Спотыкаясь, я поднялся по трапу на палубу и наткнулся на Андрея Филипповича. Я постарался взять себя в руки. Он моих слез не заметил.

— Скучаешь? — спросил он. — Пойди, погуляй, пока не стемнело. Не опоздай к ужину… Пропускать во всякое время, — приказал он матросу у трапа.

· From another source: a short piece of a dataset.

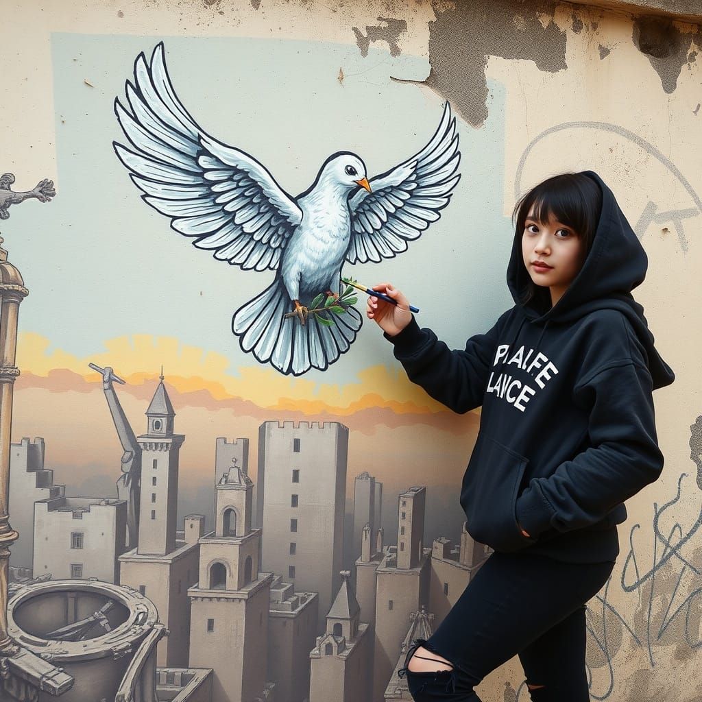 A photorealistic emo girl paints a dove of peace over a ruined city on a baroque wall. Features detailed, high-contrast graffiti art inspired by modern sci-fi aesthetics.

О недавнем дожде напоминали лишь капельки на голых ветвях да глубокие лужи. Над болотом клубился туман. Намокшие ивы купали ветви в реке. Каркали, отряхиваясь, вороны.

Небо стало розовым, в мелких лиловых облачках. Дома в деревне стояли высоко над землей, на столбах. Переплывая в ялике речку, пели матросы. «Прощай, любимый город…» — затягивал тенор. «Уходим завтра в море…» — вторил ему баритон.

На краю деревни несколько мужчин убирали сети.

Я спросил:

— Скажите, пожалуйста, где дом Ираклия Гамбашидзе?

— А зачем тебе, бичико,[2] Ираклий?

Я сказал, что мне нужно видеть тетю Кэто, у которой живет Антонина, внучка художника.

— Иди в третий дом по улице, — ответили мне.

Большая собака с обрезанными ушами вышла из ворот, обнюхала мои брюки и повиляла обрубком хвоста.

Я уже собирался было крикнуть: «Тетя Кэто!», как у калитки появилась русоволосая девочка в синей юбке и серой вязаной кофточке. Я сразу узнал ее.

— Антонина!

Она остановилась и сморщила лоб.

— Не помнишь? Мы смотрели с тобой «Кота в сапогах»! В Ленинграде!

— Да, помню, на Моховой, в ТЮЗе! Но откуда ты взялся?

— Я вчера приехал. Ты знаешь, я в Тбилиси видел твоего деда. И он просил передать, что скучает и пришлет за тобой Тамару.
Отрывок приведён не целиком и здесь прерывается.